Way Forward for Building Strong Institutions for Long Term National Resilience

  • Strengthening Social Protection and Public Health Infrastructure: The COVID 19 pandemic demonstrated that resilient societies are built through strong public institutions, not just disciplined citizens, and future resilience requires sustained investment in primary health care, disease surveillance, nutrition, mental health, and emergency preparedness.
  • Addressing Economic Inequality and Protecting Informal Workers: Economic resilience cannot emerge from patriotic appeals alone when millions remain financially insecure, unemployed, or trapped within informal labour systems and the gig economy without adequate social protection, making universal coverage an urgent governance priority.

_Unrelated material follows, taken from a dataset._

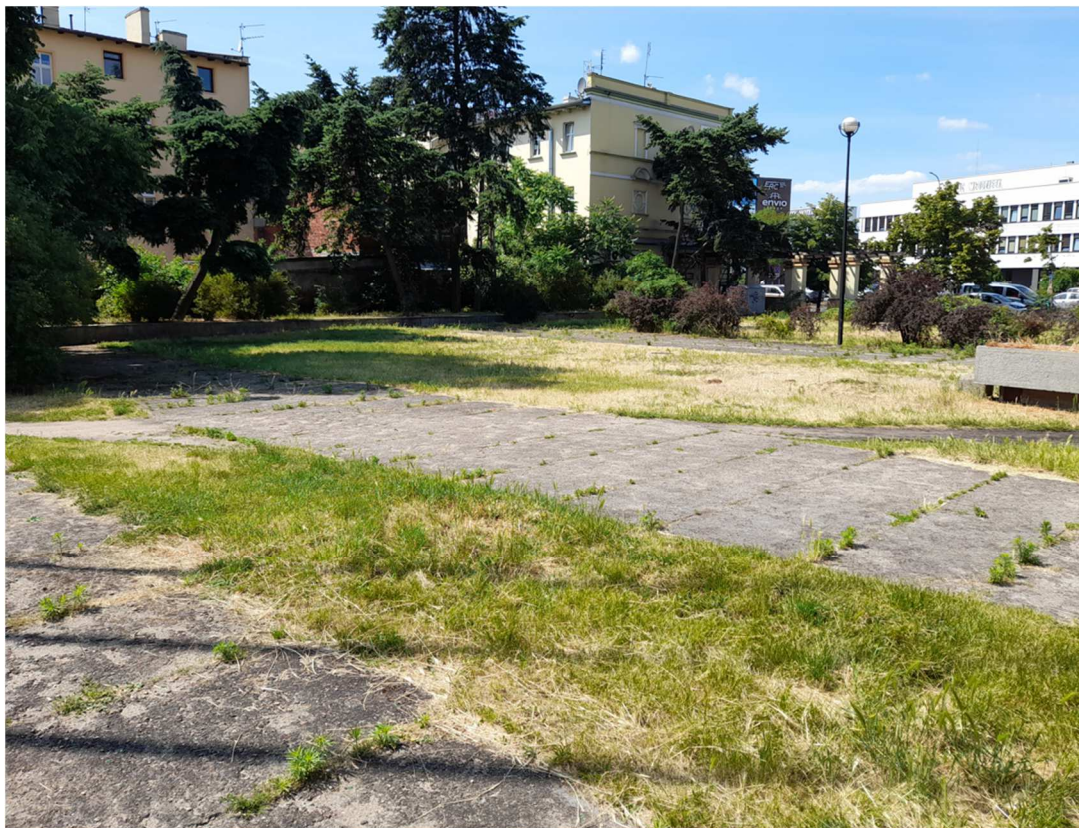
Zdjęcie 4 Widok w stronę ul. Jagiellońskiej

  • Expanding Investment in Education, Science, and Innovation Capacity: Genuine self reliance is built through decades of investment in laboratories, public universities, manufacturing ecosystems, and scientific temper, and Indian research institutions must themselves emerge as among the world’s leading centres of knowledge and innovation, not merely host foreign campuses.
  • Ensuring Transparency and Building Public Trust During Crises: Public trust is a strategic national asset during crises, and citizens cooperate effectively when governments communicate honestly, acknowledge uncertainties, and allow independent institutions, experts, and the media to function freely without interference or suppression.

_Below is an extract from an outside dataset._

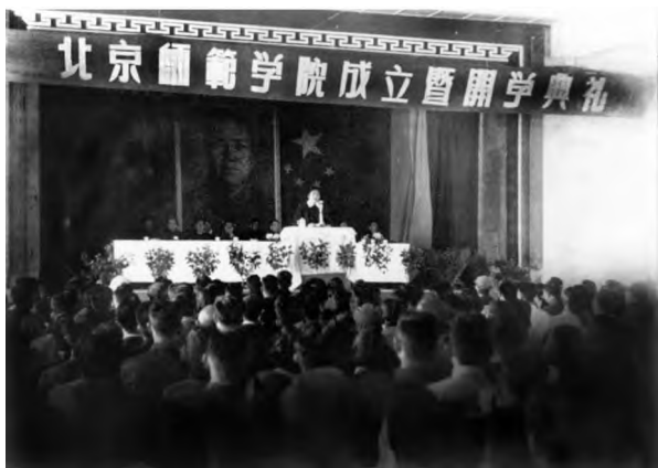
1955年北京师范学院成立暨开学典礼

北京是近代中国高等师范教育的发源地,近代中国最早的高等师范教育机构和第一所专门的高等师范院校均诞生于此。1902年10月14日,京师大学堂正式举行师范馆速成科招生考试,当年分两批共招录146人。12月17日,师范馆正式开学,近代中国高等师范教育由此开始。1908年,在张之洞倡议下师范馆从京师大学堂独立出来,校名为“京师优级师范学堂”。

  • Promoting Climate Resilience and Sustainable Urban Development: Asking citizens to conserve electricity while cities suffer from poor urban planning, inadequate public transport, shrinking green spaces, and worsening environmental degradation addresses symptoms rather than causes, and failed initiatives like smart cities must be critically evaluated rather than quietly forgotten.
  • Ensuring Regulatory Stability and Predictable Governance: Businesses, workers, researchers, and entrepreneurs need consistent and stable policy environments to make long term investments in capacity and technology, as predictable governance and institutional consistency are non negotiable foundations of a self reliant economy.
  • Protecting Democratic Dialogue and Institutional Independence: Governments must stop framing criticism as anti national, since democracies become stronger through open debate, institutional criticism, intellectual diversity, and democratic course correction, all of which are essential to building the accountability that genuine national resilience demands.
  • Renewing the Social Contract Through Responsible Governance: India’s ambition to become a major economic and geopolitical power requires strong institutions, evidence based policymaking, human capital investment, and a government that accepts greater responsibility for national resilience rather than outsourcing it to citizen behaviour.

Conclusion

While responsible consumption and civic solidarity are important virtues, they cannot substitute for governance. The true test of leadership during global crises is whether governments demonstrate the accountability, foresight, and policy seriousness needed to protect citizens through strong institutions and sustained public investment.